- Massenburg Plantation
- U.S. National Register of Historic Places
- Location: Address Restricted; also 821 NC 561, near Louisburg, North Carolina
- Coordinates: 36°7′6″N 78°16′8″W﻿ / ﻿36.11833°N 78.26889°W
- Area: 24 acres (9.7 ha)
- Built: c. 1820, 1838, c. 1910
- Built by: Jones, William
- Architectural style: L-shaped, Bungalow/craftsman
- NRHP reference No.: 75001270, 00000225 (Boundary Increase)
- Added to NRHP: July 30, 1975, March 15, 2000 (Boundary Increase)

= Massenburg Plantation =

Historic house in North Carolina, United States

Massenburg Plantation, also known as Woodleaf Plantation, is a historic plantation house located near Louisburg, Franklin County, North Carolina. The property encompasses 10 contributing buildings, 1 contributing site, and 1 contributing structure. The main house reached its present form in 1838, and is a simple two-story L-shaped dwelling, with a rear two-story wing. It is four bays wide and features a stone block chimney. The property is currently owned by Bill Lord and Sue Guerrant.
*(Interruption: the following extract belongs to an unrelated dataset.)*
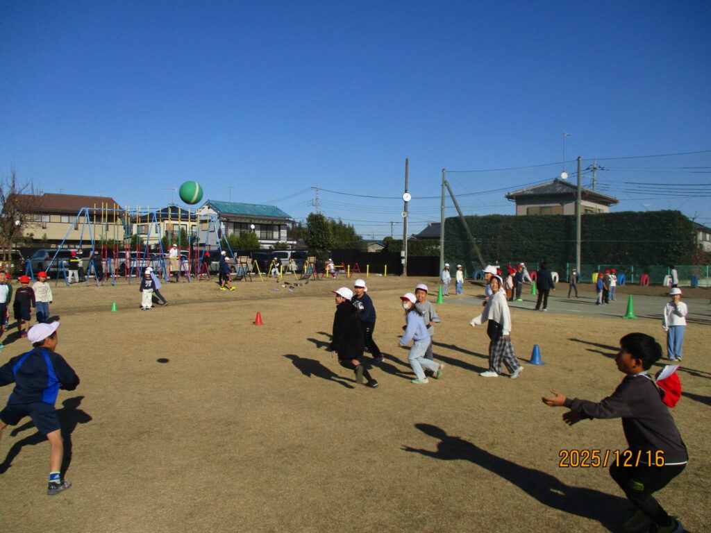 12月16日(火)、年内最後のプレイタイムがありました。天気がよく風もほとんどなかったので、子どもたちの元気な姿がたくさん見られました。6年生が中心となってドッジボールや鬼ごっこ、だるまさんがころんだなどで遊びました。上級生が下級生を助けてあげたり、学年を超えて協力したりするなど、縦割り活動ならではの場面が多々あり、充実した時間となりました。
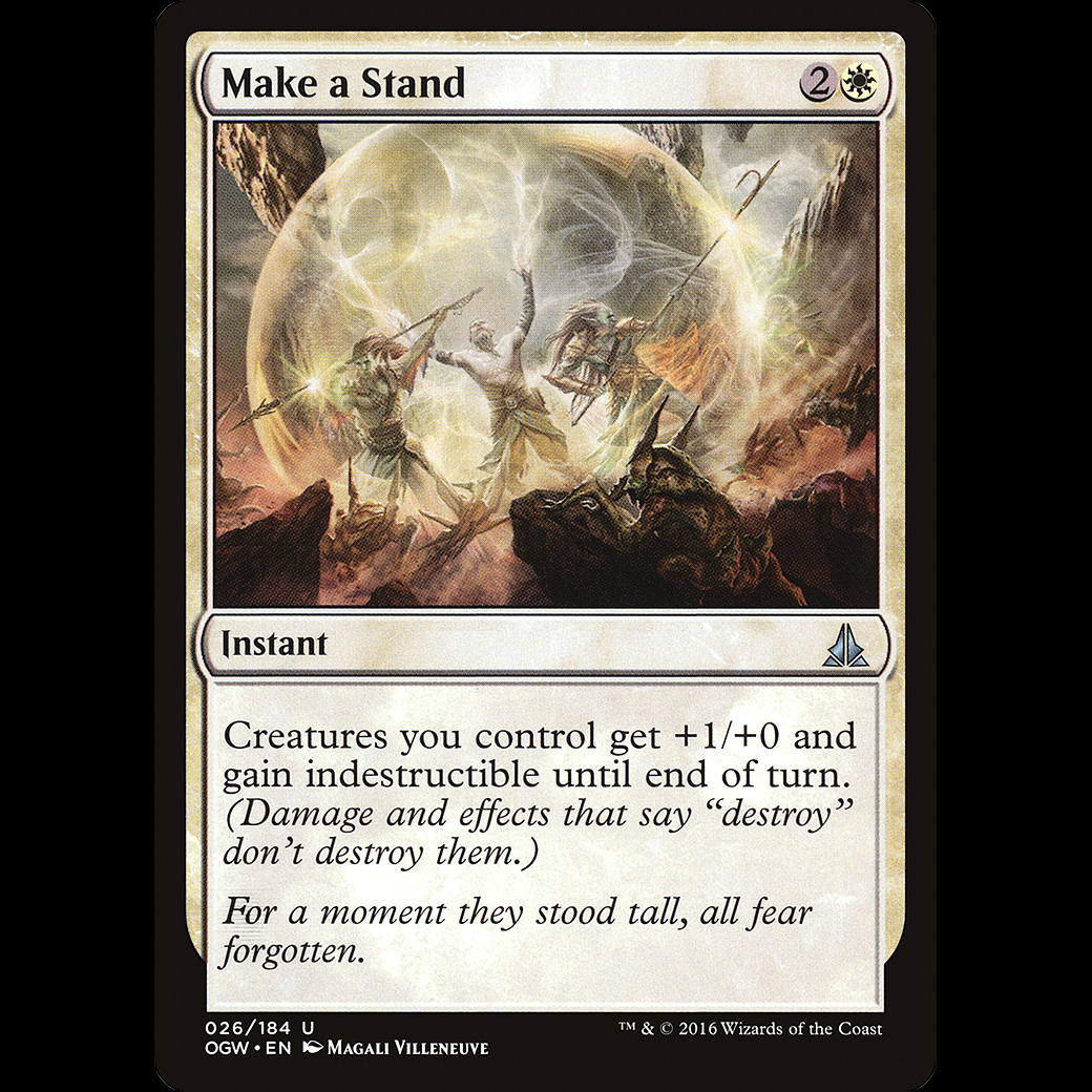 Creatures you control get +1/+0 and gain indestructible until end of turn. (Damage and effects that say

The property also includes the contributing plantation office, smokehouse, cotton gin, storage building, hen house, 1 1/2-story Perry House bungalow (c. 1910), and Overseer's House ruins (c. 1832).

It was listed on the National Register of Historic Places in 1975, with a boundary increase in 2000. The property is currently owned by a descendant of the slaves.